The line with "Конкурс на заміщення" marks the first line to copy, and the line with "電動低溫三通球閥分L型和T型" marks the last. Transcribe that stretch of the data below exactly, without pictures.

Given information:
..............................
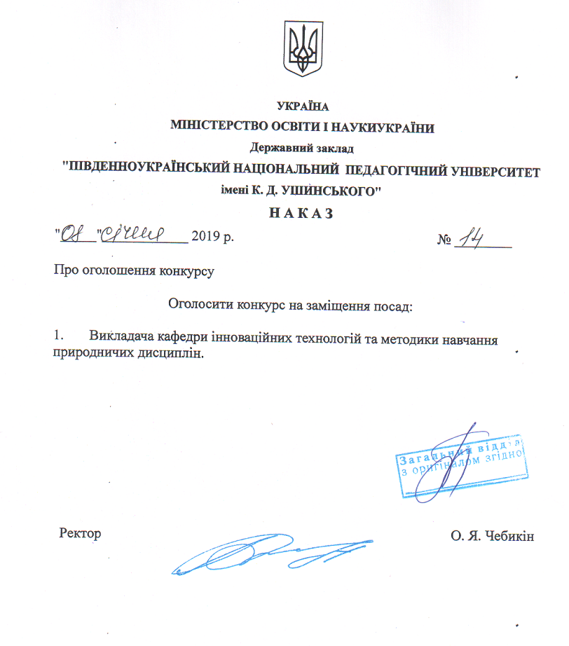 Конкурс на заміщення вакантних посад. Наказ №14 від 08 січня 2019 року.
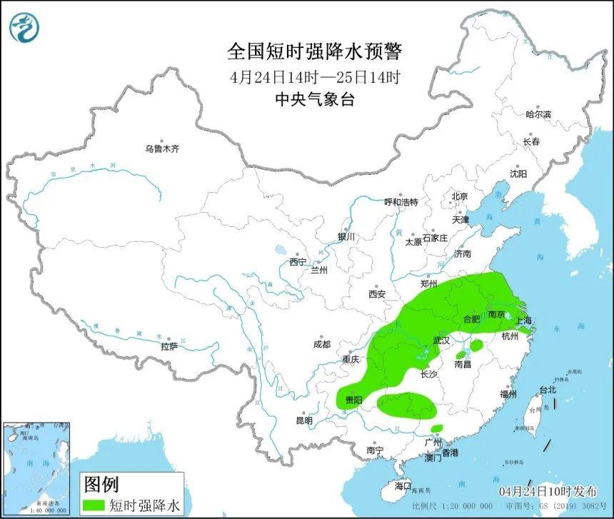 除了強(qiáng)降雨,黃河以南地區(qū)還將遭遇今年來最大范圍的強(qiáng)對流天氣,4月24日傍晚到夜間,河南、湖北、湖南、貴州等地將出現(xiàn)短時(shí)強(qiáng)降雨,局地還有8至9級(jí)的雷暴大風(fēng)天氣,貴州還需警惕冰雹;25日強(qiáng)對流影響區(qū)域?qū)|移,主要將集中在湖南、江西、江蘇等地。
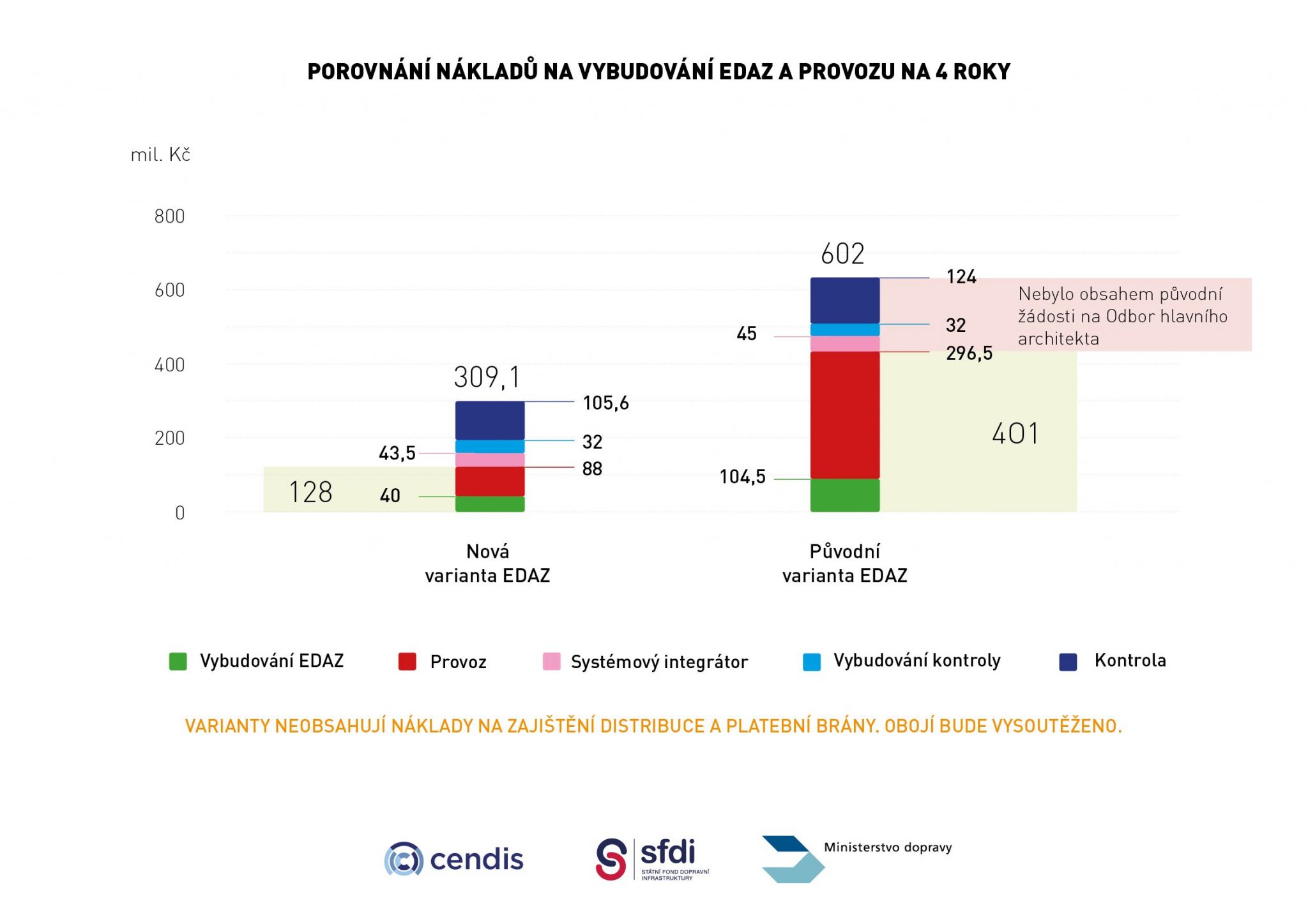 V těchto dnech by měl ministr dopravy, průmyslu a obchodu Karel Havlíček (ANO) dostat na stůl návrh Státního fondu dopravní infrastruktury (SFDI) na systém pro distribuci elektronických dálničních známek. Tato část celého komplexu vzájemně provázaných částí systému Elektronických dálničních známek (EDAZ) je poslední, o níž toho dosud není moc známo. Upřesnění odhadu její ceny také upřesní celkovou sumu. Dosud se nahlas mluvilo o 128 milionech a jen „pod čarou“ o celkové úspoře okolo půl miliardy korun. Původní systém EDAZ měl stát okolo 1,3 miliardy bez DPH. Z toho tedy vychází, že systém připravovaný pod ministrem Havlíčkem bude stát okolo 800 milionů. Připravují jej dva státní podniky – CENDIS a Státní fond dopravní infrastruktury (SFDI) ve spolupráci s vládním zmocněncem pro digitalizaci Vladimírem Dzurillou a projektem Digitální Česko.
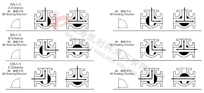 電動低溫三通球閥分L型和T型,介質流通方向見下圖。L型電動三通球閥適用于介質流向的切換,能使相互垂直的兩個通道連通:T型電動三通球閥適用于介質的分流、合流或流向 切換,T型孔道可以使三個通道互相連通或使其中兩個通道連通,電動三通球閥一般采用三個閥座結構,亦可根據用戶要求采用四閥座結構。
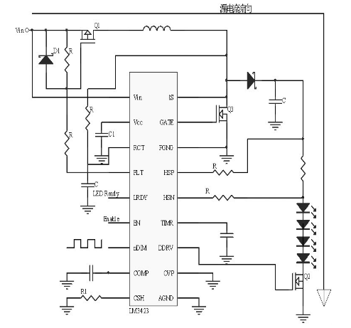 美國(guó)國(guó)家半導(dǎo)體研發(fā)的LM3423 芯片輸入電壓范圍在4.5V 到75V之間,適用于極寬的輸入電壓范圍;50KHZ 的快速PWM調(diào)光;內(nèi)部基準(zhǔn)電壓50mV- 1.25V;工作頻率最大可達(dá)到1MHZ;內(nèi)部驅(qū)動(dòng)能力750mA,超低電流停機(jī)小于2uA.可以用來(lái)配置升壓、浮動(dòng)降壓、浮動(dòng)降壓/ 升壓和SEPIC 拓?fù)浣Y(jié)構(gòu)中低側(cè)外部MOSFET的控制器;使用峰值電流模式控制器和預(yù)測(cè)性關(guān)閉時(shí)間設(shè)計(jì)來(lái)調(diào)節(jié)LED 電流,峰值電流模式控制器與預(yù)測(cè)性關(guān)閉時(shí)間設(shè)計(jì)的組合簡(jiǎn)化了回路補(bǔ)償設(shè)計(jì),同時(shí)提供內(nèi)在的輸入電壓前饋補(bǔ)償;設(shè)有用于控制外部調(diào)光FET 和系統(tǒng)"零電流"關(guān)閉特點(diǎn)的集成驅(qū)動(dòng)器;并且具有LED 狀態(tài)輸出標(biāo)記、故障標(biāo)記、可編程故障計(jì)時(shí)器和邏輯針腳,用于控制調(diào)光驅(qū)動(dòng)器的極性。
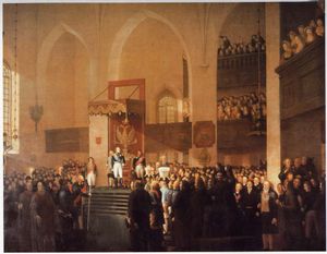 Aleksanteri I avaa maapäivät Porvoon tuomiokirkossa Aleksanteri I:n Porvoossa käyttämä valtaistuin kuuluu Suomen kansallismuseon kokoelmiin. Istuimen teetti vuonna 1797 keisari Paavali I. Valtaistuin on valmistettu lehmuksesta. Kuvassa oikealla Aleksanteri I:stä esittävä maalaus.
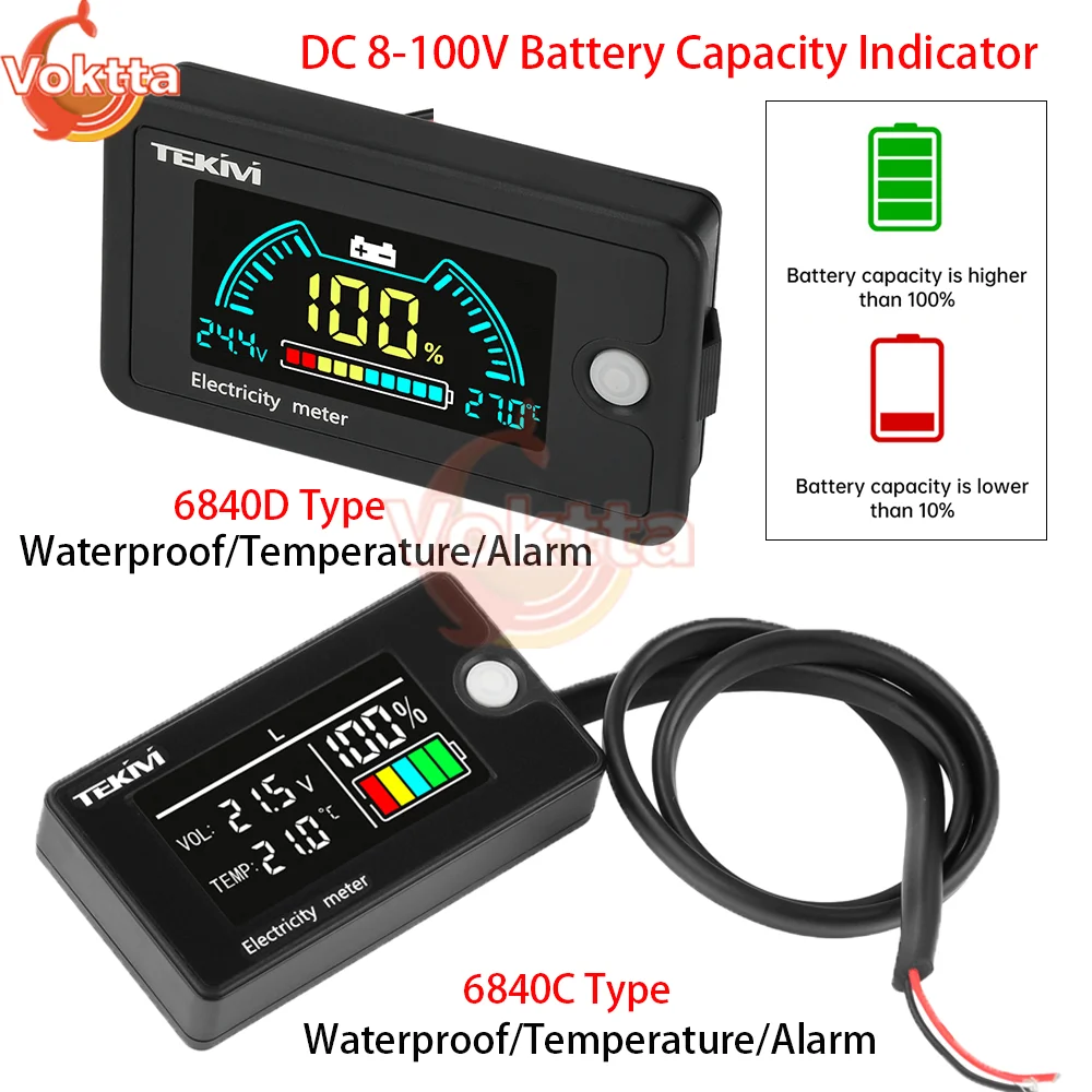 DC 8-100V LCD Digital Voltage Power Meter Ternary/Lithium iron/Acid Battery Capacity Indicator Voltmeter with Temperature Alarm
..............................
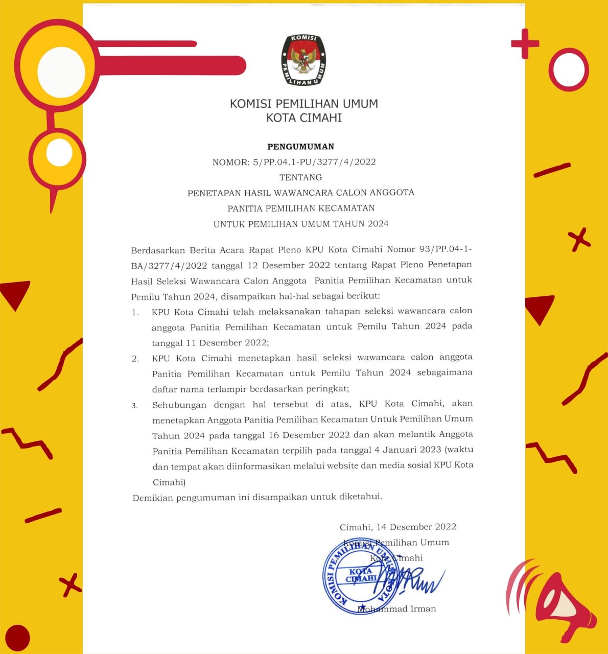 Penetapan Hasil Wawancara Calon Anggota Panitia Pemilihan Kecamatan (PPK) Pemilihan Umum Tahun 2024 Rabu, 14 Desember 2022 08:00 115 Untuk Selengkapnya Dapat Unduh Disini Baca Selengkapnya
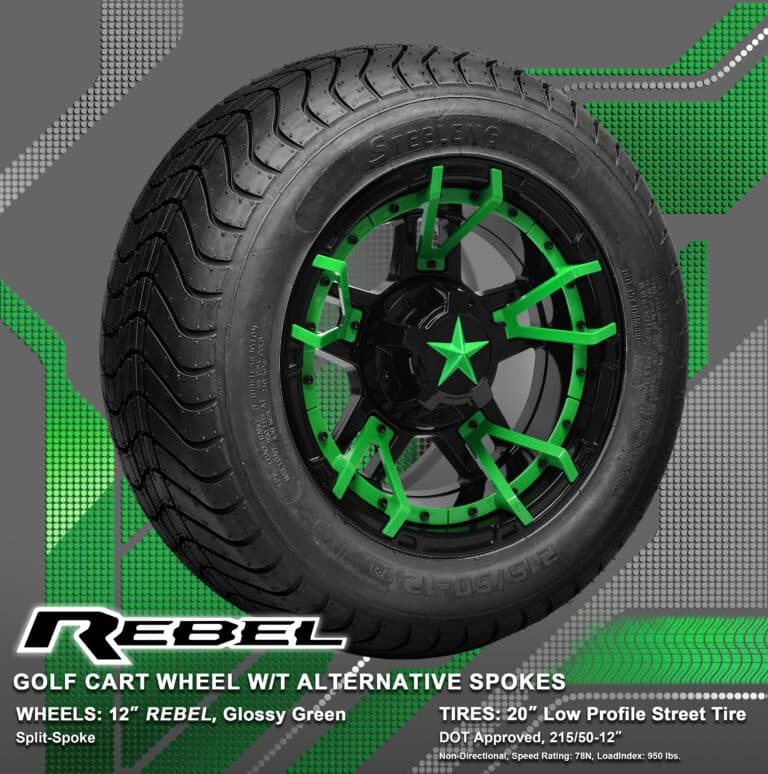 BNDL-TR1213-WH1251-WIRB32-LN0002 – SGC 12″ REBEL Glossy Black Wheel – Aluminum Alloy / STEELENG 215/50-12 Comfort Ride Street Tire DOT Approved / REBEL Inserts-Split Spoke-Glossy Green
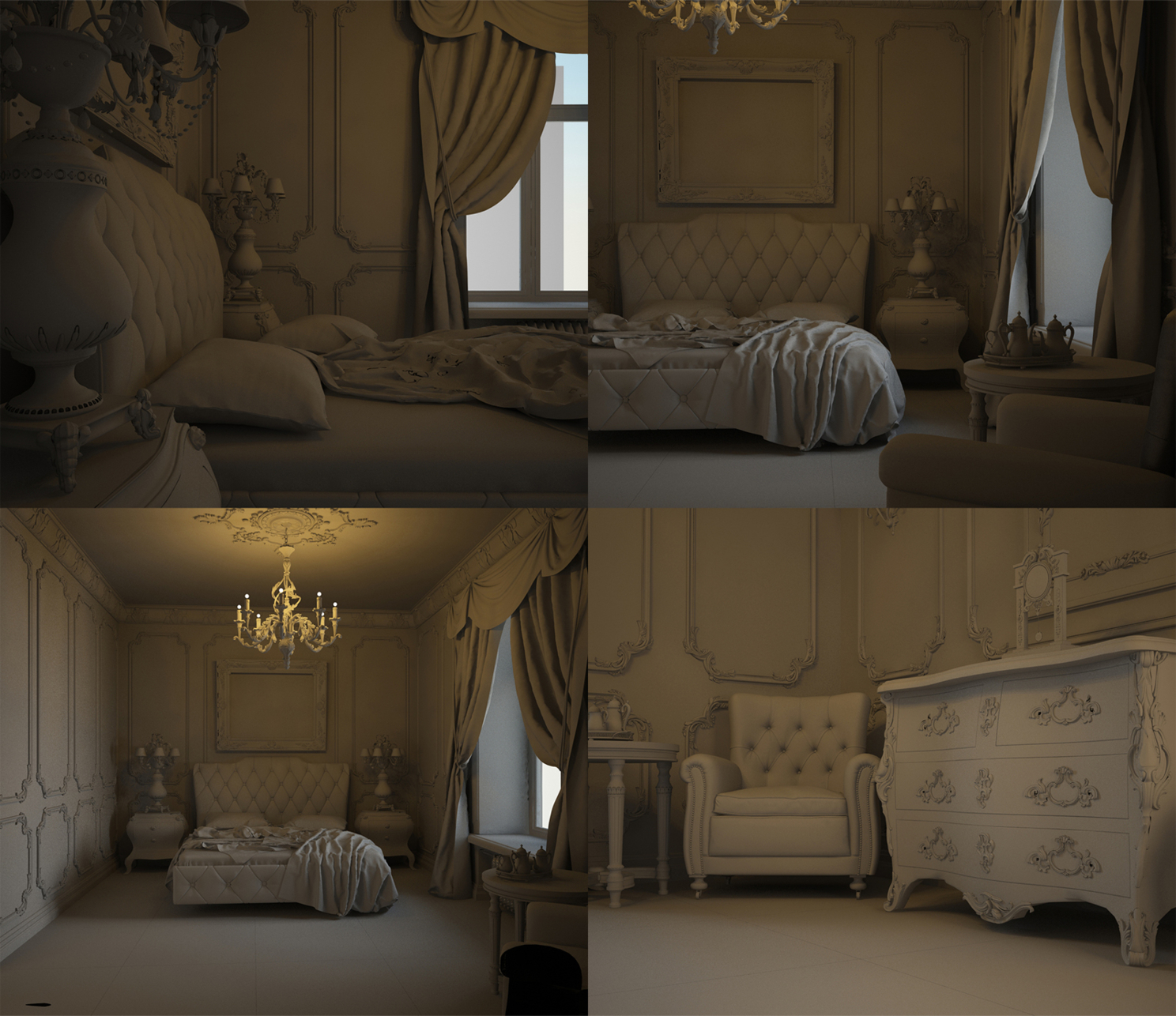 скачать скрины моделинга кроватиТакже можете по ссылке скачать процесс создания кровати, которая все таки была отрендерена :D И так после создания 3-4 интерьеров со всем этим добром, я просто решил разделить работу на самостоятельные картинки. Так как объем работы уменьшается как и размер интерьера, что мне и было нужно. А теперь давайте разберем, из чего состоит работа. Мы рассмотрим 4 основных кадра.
..............................
Result for this task:
 Конкурс на заміщення вакантних посад. Наказ №14 від 08 січня 2019 року.
 除了強(qiáng)降雨,黃河以南地區(qū)還將遭遇今年來最大范圍的強(qiáng)對流天氣,4月24日傍晚到夜間,河南、湖北、湖南、貴州等地將出現(xiàn)短時(shí)強(qiáng)降雨,局地還有8至9級(jí)的雷暴大風(fēng)天氣,貴州還需警惕冰雹;25日強(qiáng)對流影響區(qū)域?qū)|移,主要將集中在湖南、江西、江蘇等地。
 V těchto dnech by měl ministr dopravy, průmyslu a obchodu Karel Havlíček (ANO) dostat na stůl návrh Státního fondu dopravní infrastruktury (SFDI) na systém pro distribuci elektronických dálničních známek. Tato část celého komplexu vzájemně provázaných částí systému Elektronických dálničních známek (EDAZ) je poslední, o níž toho dosud není moc známo. Upřesnění odhadu její ceny také upřesní celkovou sumu. Dosud se nahlas mluvilo o 128 milionech a jen „pod čarou“ o celkové úspoře okolo půl miliardy korun. Původní systém EDAZ měl stát okolo 1,3 miliardy bez DPH. Z toho tedy vychází, že systém připravovaný pod ministrem Havlíčkem bude stát okolo 800 milionů. Připravují jej dva státní podniky – CENDIS a Státní fond dopravní infrastruktury (SFDI) ve spolupráci s vládním zmocněncem pro digitalizaci Vladimírem Dzurillou a projektem Digitální Česko.
 電動低溫三通球閥分L型和T型,介質流通方向見下圖。L型電動三通球閥適用于介質流向的切換,能使相互垂直的兩個通道連通:T型電動三通球閥適用于介質的分流、合流或流向 切換,T型孔道可以使三個通道互相連通或使其中兩個通道連通,電動三通球閥一般采用三個閥座結構,亦可根據用戶要求采用四閥座結構。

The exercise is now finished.